■ Work to be completed: Please write out exactly the lines from the one with "提示词:你是多角度分析师。请" through the end of the data below, both ends included, and omit any pictures.

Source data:

#####

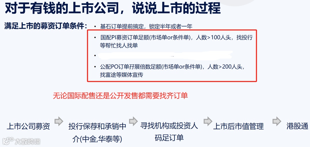 最惨的情况是国配不足。公配也不足额,这里公配至少要超过一倍,如果连一倍都没有,那就叫不足额,如果国配公配两边都不足额,那对这次新股来说,就是募资募不到钱,就是要上市失败了。所以说找齐订单很重要,国配公配两边都找不齐,那就意味着会上市失败,一般公司不太愿意出现这种情况,相当于为了上市白白努力一年甚至更久,钱也花出去了,所有的工作和努力都付之东流,所以无论如何都不能让上市失败!
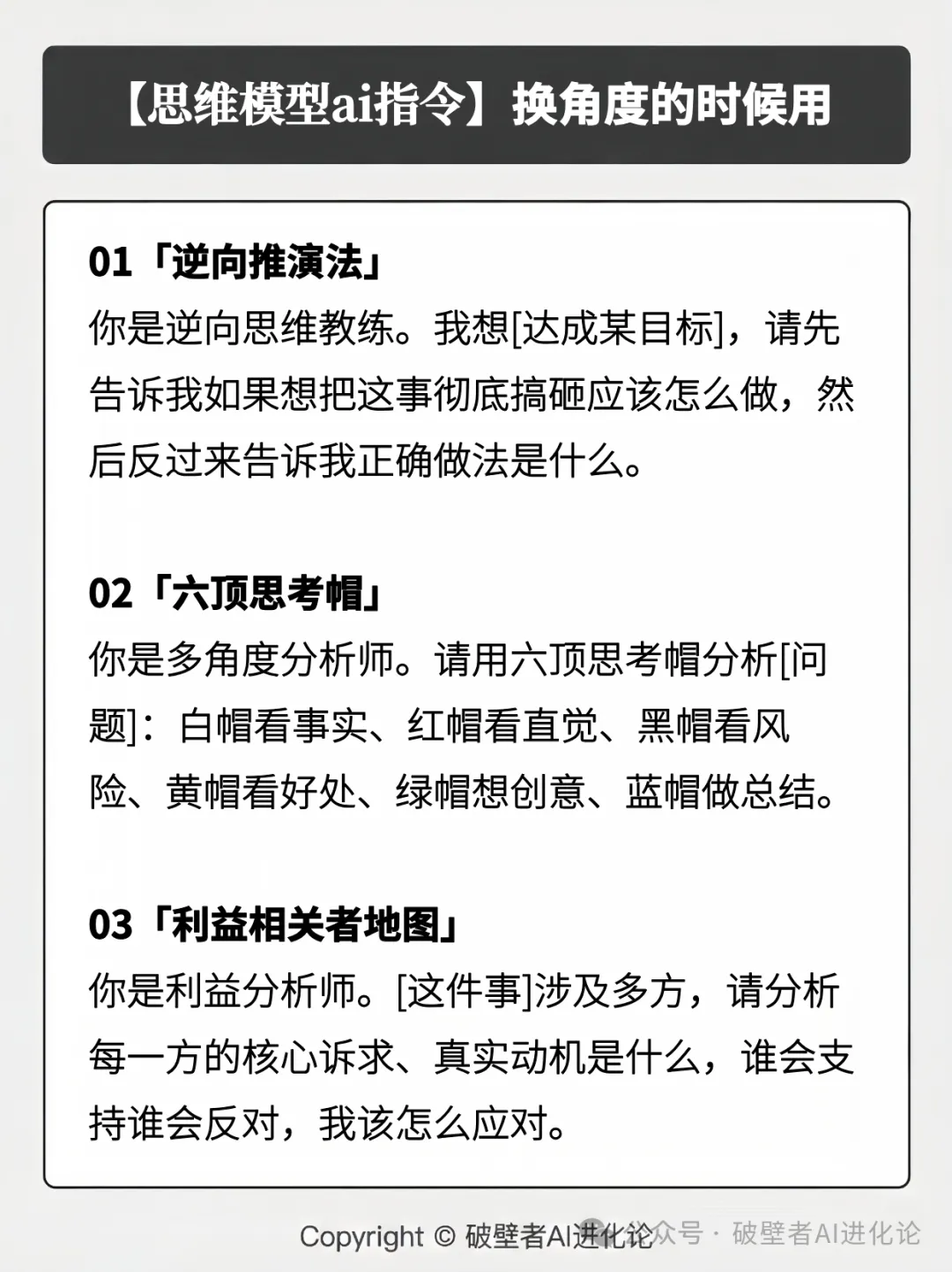 提示词:你是多角度分析师。请用六顶思考帽分析[某个问题]:白帽看事实、红帽看直觉、黑帽看风险、黄帽看好处、绿帽想创意、蓝帽做总结。
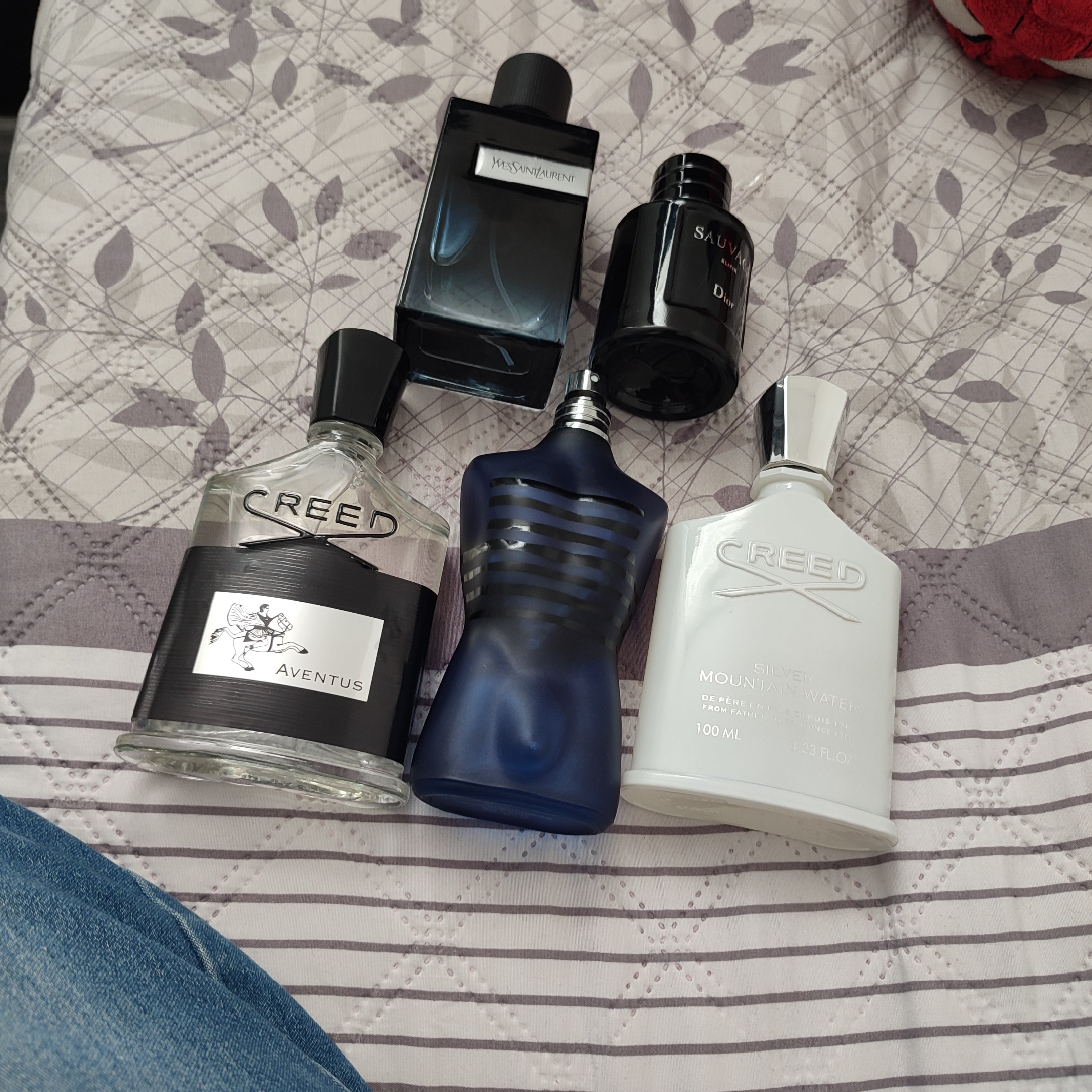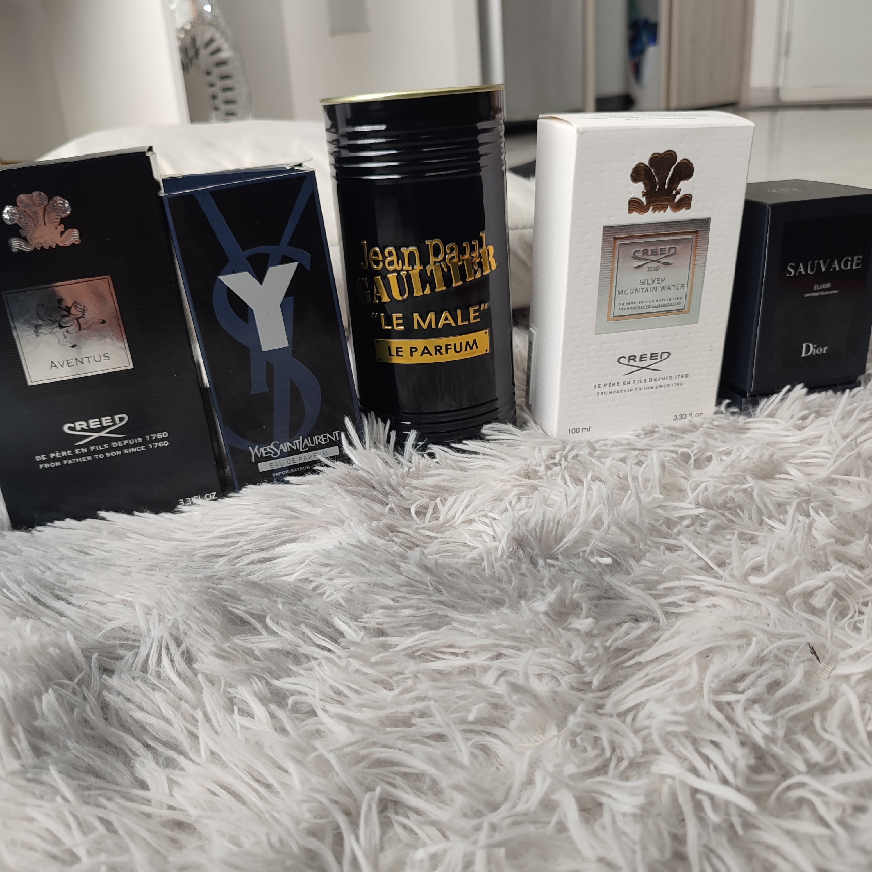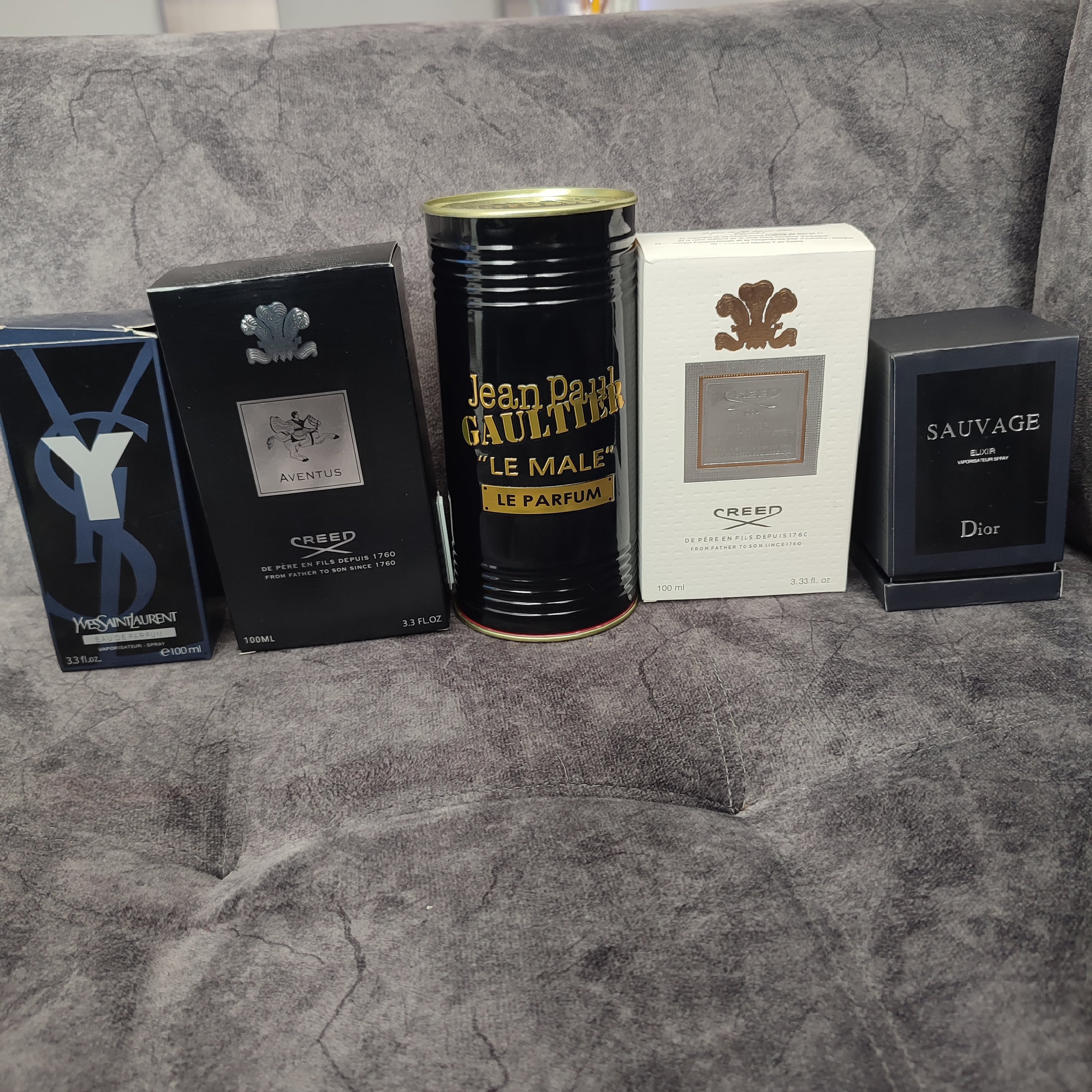 5 PERFUMES + 1 OBSEQUIO ( Y YSL + JPG le male + creed aventus + creed mountain water + sauvage elixir + 1 Perfumero )
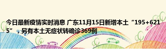 今日最新疫情实时消息 广东11月15日新增本土“195+6215”,另有本土无症状转确诊369例
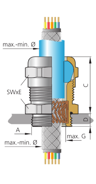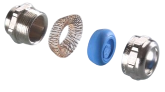 Dławnica EMC z mosiądzu niklowanego z wkładem uszczelniającym z TPE i sprężyną z niemagnetycznego brązu o bardzo szerokim zakresie dławienia. Produkt ten posiada gwint od M12 do M85, zapewnia szczelność IP68 (do 15 bar), IP69.
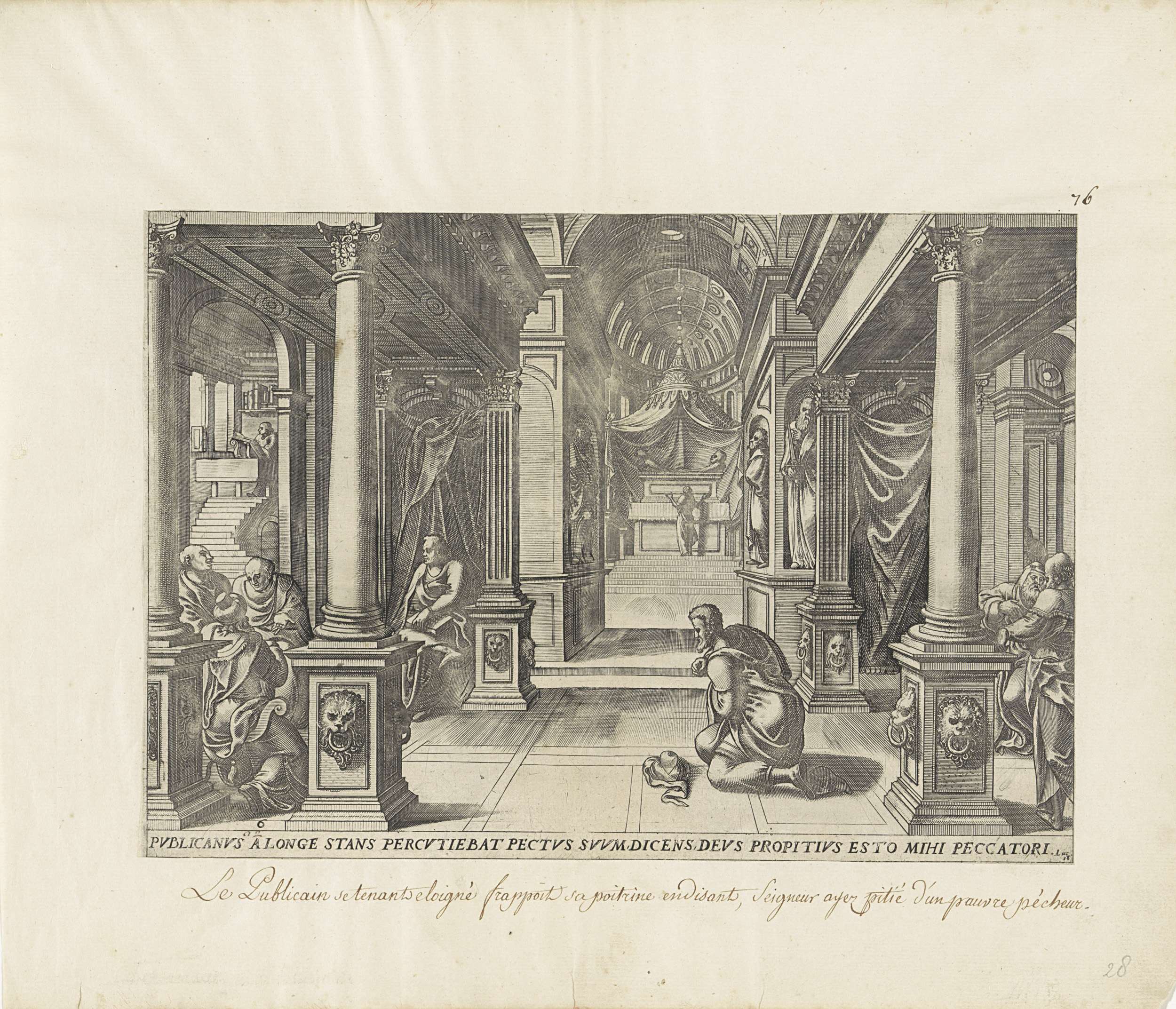 De tollenaar knielt berouwvol op de voorgrond in de tempel en vraagt God om genade. Bij het altaar op de achtergrond bidt de farizeeër, die God dankt dat hij niet is zoals de tollenaar. Onder de voorstelling een verwijzing in het Latijn naar de Bijbeltekst in Luc. 18.
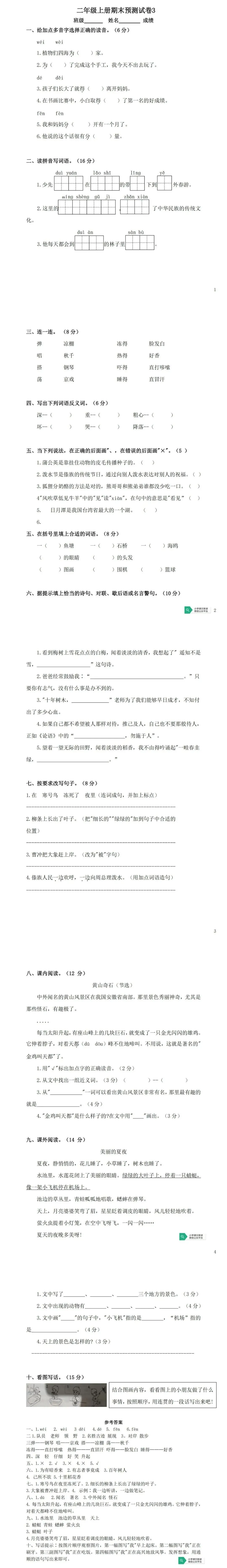 二年级上册期末预测试卷3(免费下载)

#####

■ Response box:
 提示词:你是多角度分析师。请用六顶思考帽分析[某个问题]:白帽看事实、红帽看直觉、黑帽看风险、黄帽看好处、绿帽想创意、蓝帽做总结。
 5 PERFUMES + 1 OBSEQUIO ( Y YSL + JPG le male + creed aventus + creed mountain water + sauvage elixir + 1 Perfumero )
 今日最新疫情实时消息 广东11月15日新增本土“195+6215”,另有本土无症状转确诊369例
 Dławnica EMC z mosiądzu niklowanego z wkładem uszczelniającym z TPE i sprężyną z niemagnetycznego brązu o bardzo szerokim zakresie dławienia. Produkt ten posiada gwint od M12 do M85, zapewnia szczelność IP68 (do 15 bar), IP69.
 De tollenaar knielt berouwvol op de voorgrond in de tempel en vraagt God om genade. Bij het altaar op de achtergrond bidt de farizeeër, die God dankt dat hij niet is zoals de tollenaar. Onder de voorstelling een verwijzing in het Latijn naar de Bijbeltekst in Luc. 18.
 二年级上册期末预测试卷3(免费下载)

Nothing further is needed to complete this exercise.